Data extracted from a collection
┏━━
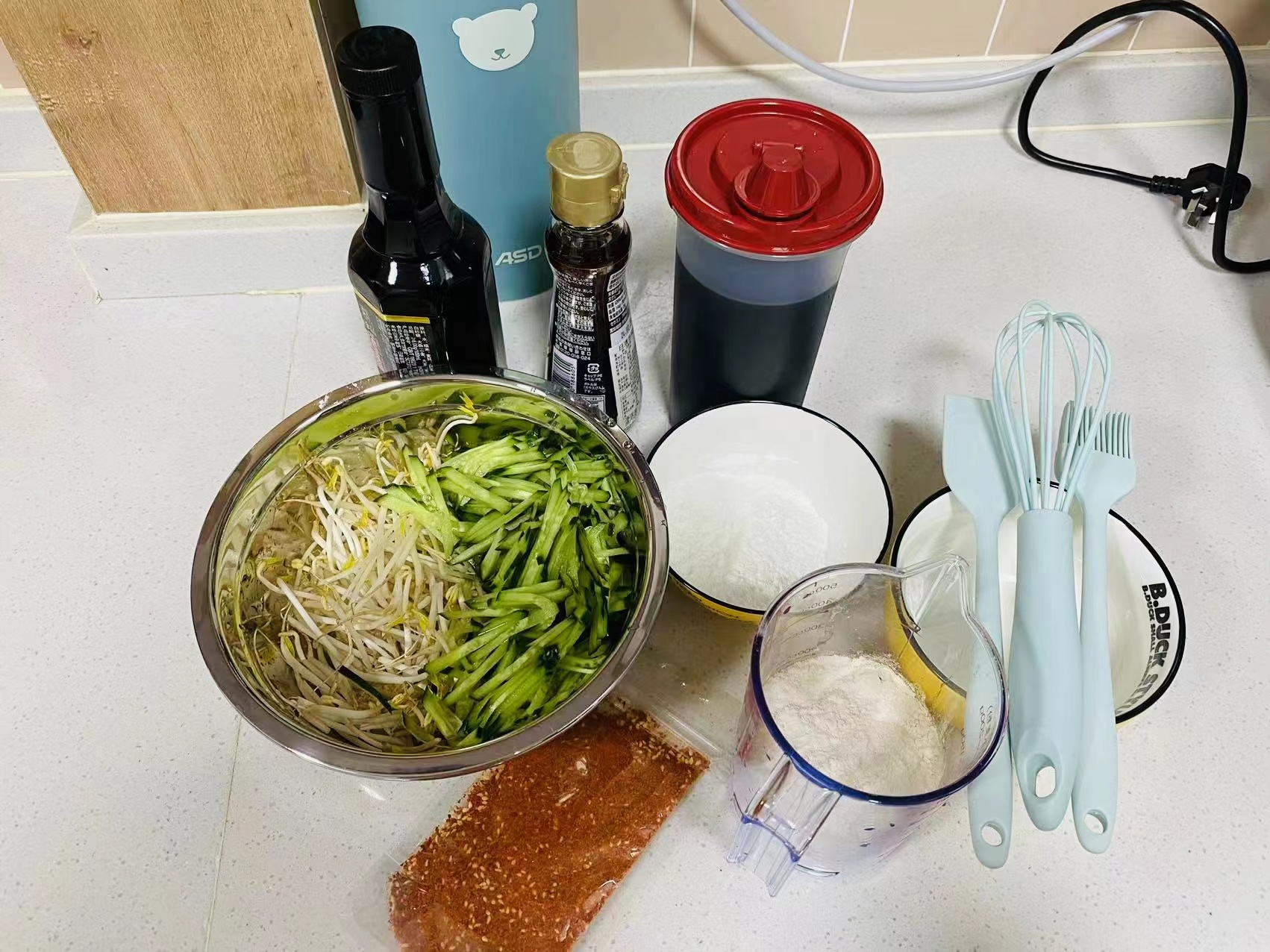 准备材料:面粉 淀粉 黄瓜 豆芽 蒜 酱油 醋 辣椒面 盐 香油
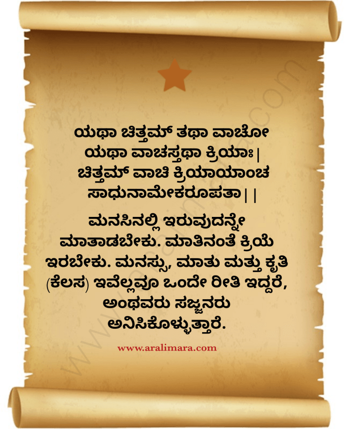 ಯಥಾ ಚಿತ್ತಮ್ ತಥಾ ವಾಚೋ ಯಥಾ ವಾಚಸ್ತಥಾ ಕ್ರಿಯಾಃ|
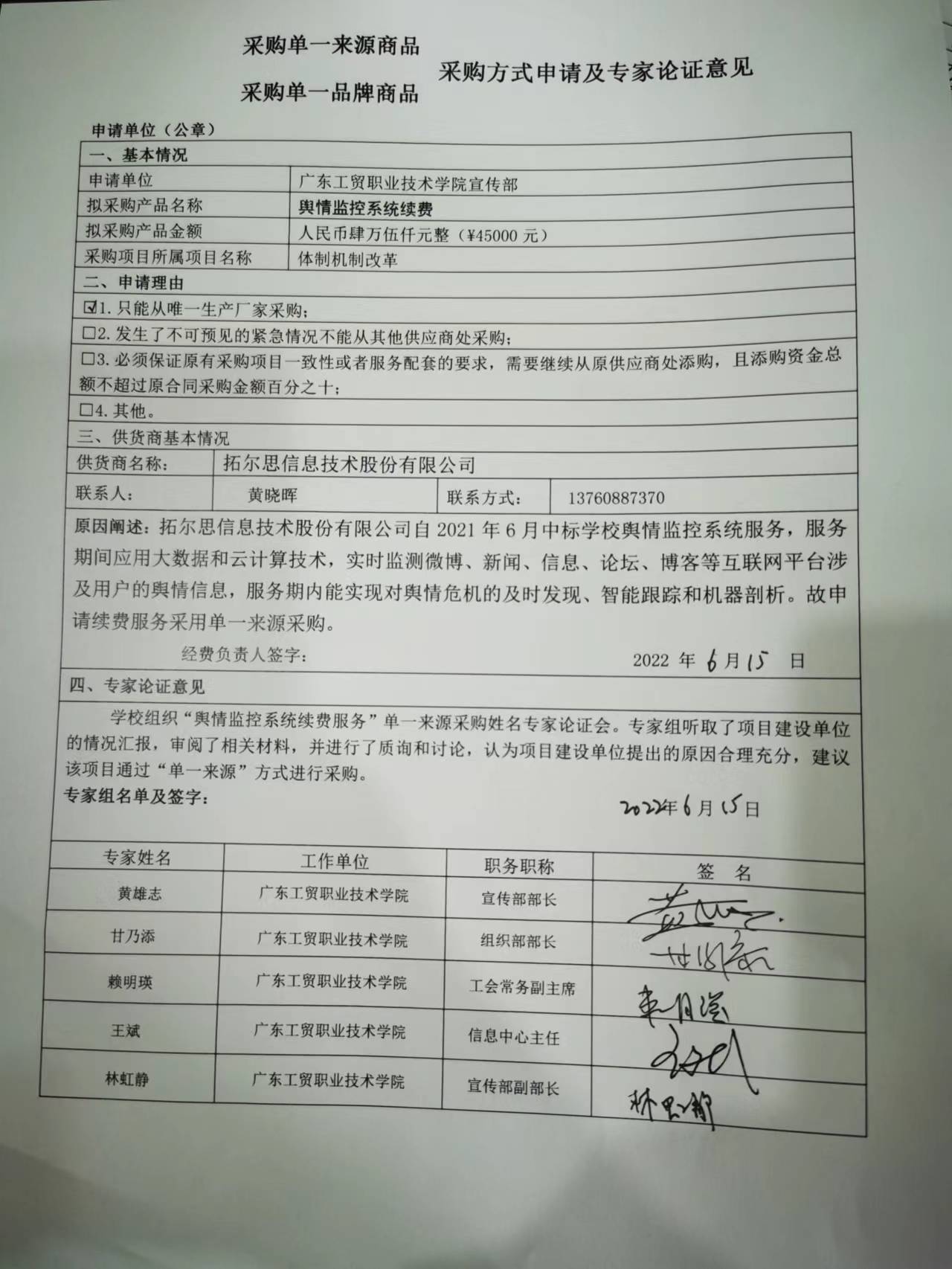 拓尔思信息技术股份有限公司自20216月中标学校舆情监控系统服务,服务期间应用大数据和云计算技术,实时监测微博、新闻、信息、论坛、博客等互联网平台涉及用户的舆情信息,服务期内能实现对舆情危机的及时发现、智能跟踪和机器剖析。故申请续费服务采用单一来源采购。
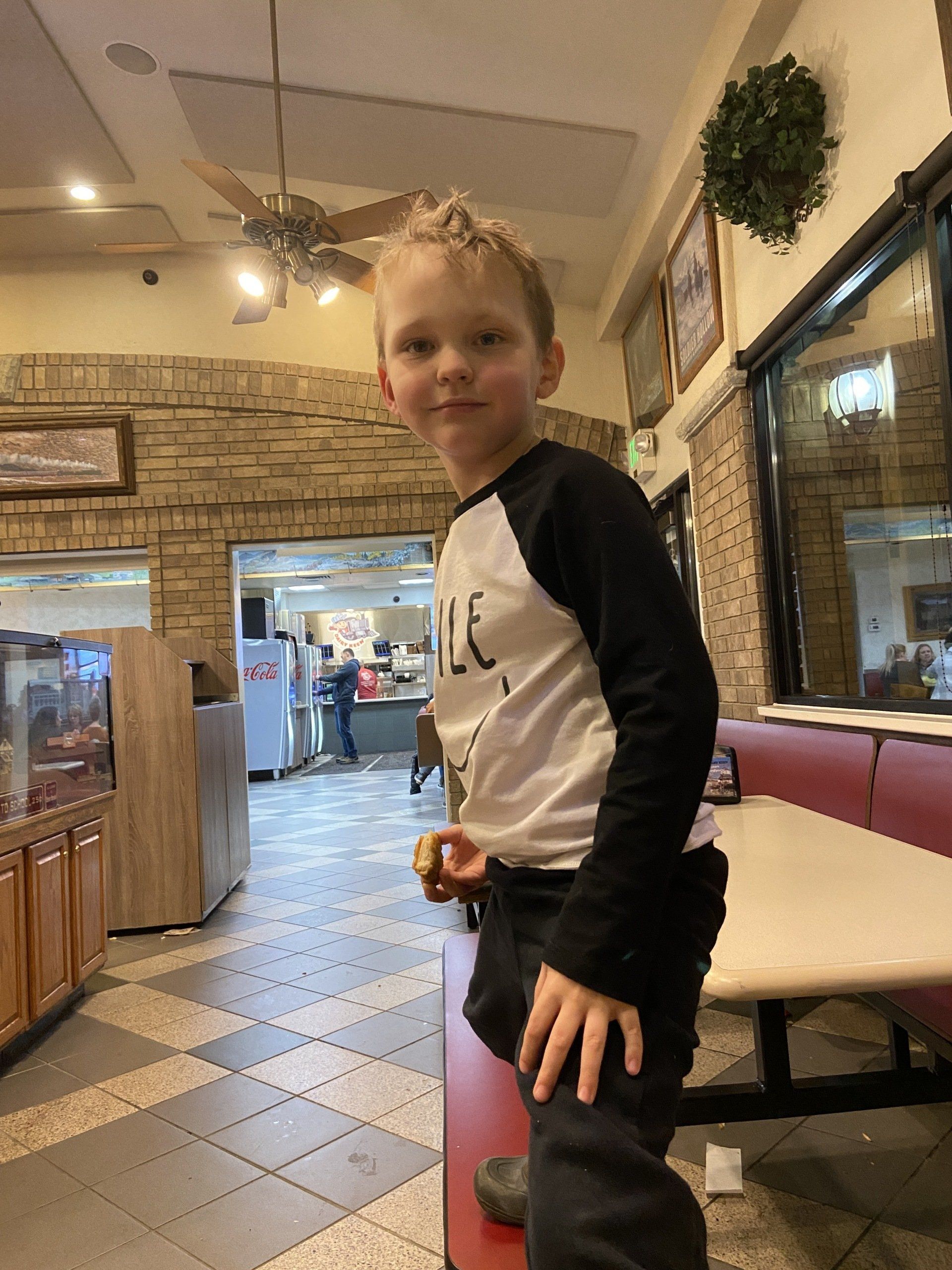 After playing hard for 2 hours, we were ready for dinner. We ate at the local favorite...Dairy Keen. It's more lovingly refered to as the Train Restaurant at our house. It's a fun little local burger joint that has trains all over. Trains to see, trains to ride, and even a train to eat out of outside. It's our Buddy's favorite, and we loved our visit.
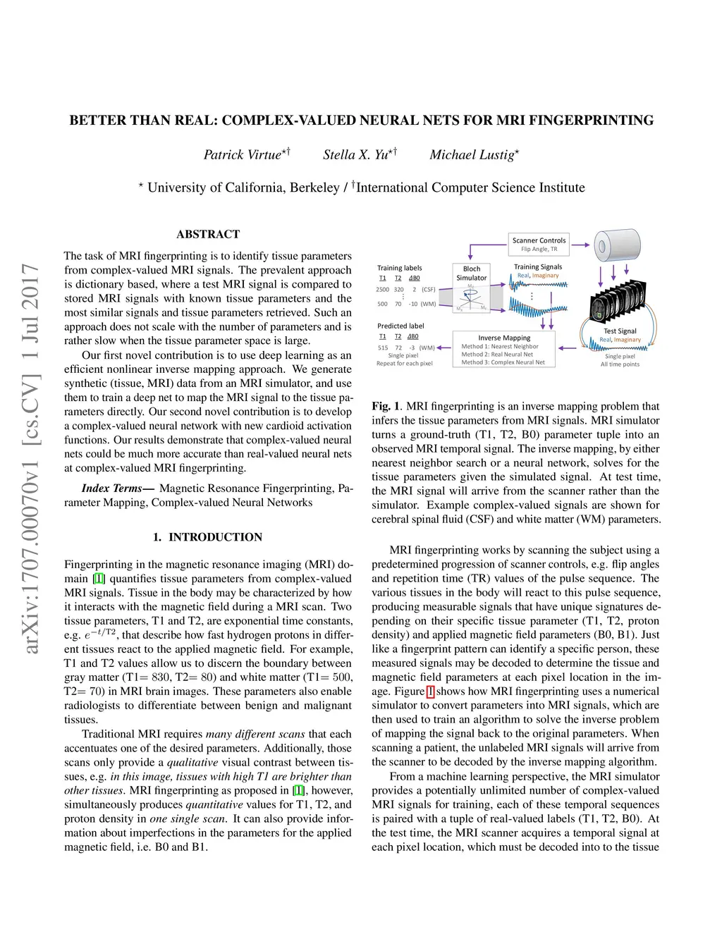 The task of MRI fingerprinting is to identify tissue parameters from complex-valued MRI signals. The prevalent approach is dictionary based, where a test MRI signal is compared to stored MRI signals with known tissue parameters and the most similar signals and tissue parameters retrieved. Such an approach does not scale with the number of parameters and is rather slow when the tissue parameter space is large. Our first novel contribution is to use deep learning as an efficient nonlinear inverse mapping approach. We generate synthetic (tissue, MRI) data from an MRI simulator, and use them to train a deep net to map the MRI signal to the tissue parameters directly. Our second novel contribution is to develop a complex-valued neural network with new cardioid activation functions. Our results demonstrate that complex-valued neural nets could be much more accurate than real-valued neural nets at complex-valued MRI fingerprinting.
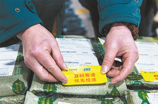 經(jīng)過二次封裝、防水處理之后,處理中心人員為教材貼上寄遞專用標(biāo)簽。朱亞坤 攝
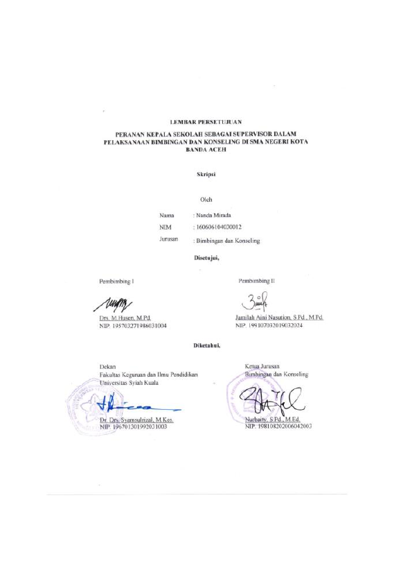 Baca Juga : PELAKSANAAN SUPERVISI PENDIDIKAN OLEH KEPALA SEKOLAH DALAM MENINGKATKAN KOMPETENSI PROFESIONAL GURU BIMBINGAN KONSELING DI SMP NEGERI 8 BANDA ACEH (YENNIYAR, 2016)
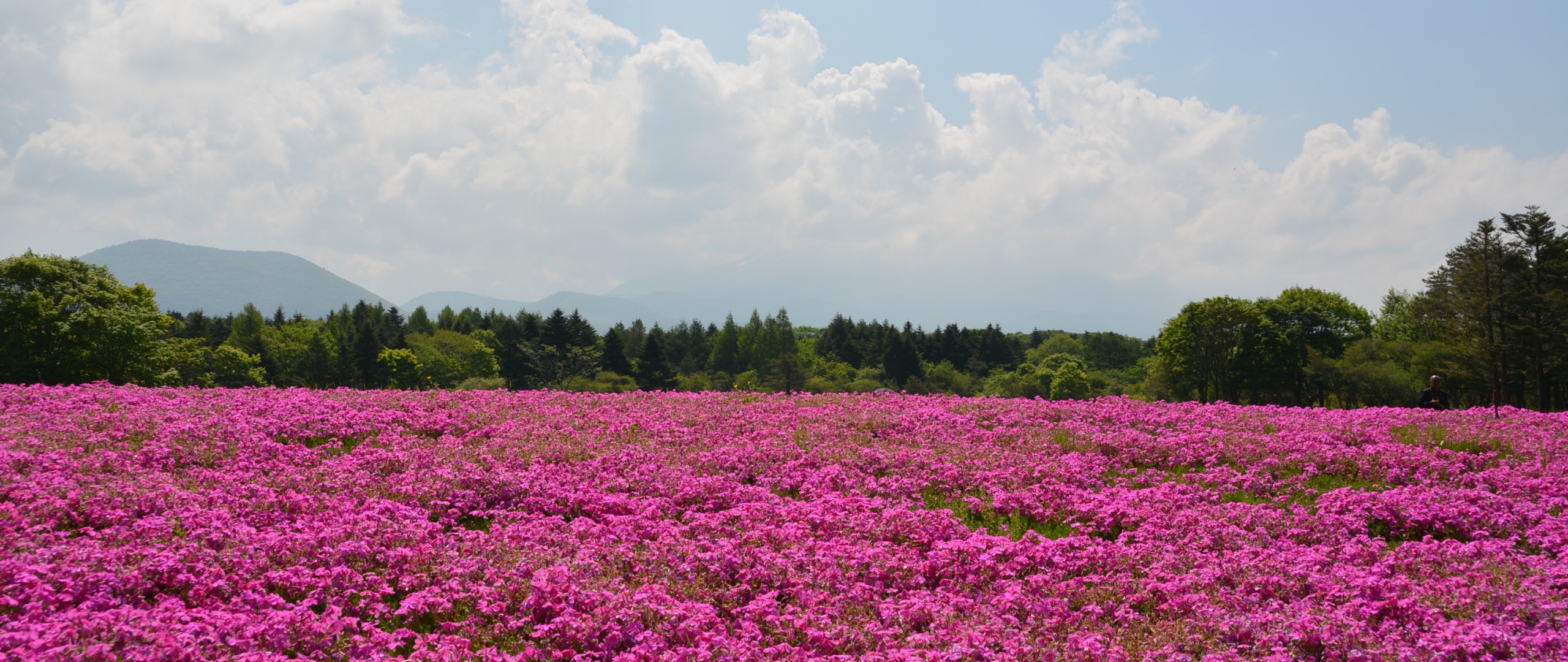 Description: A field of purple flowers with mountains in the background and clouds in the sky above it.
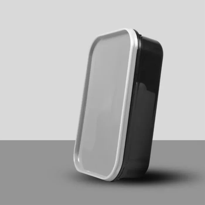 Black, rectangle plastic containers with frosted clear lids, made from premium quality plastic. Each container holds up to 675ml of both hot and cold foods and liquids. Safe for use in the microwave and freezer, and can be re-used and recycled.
┗━━
▶ **What is needed**: Transcribe exactly and only the lines from the top of the records through the line containing "After playing hard", inclusive, and do not copy the pictures.

▶ **Expected answer**:
 准备材料:面粉 淀粉 黄瓜 豆芽 蒜 酱油 醋 辣椒面 盐 香油
 ಯಥಾ ಚಿತ್ತಮ್ ತಥಾ ವಾಚೋ ಯಥಾ ವಾಚಸ್ತಥಾ ಕ್ರಿಯಾಃ|
 拓尔思信息技术股份有限公司自20216月中标学校舆情监控系统服务,服务期间应用大数据和云计算技术,实时监测微博、新闻、信息、论坛、博客等互联网平台涉及用户的舆情信息,服务期内能实现对舆情危机的及时发现、智能跟踪和机器剖析。故申请续费服务采用单一来源采购。
 After playing hard for 2 hours, we were ready for dinner. We ate at the local favorite...Dairy Keen. It's more lovingly refered to as the Train Restaurant at our house. It's a fun little local burger joint that has trains all over. Trains to see, trains to ride, and even a train to eat out of outside. It's our Buddy's favorite, and we loved our visit.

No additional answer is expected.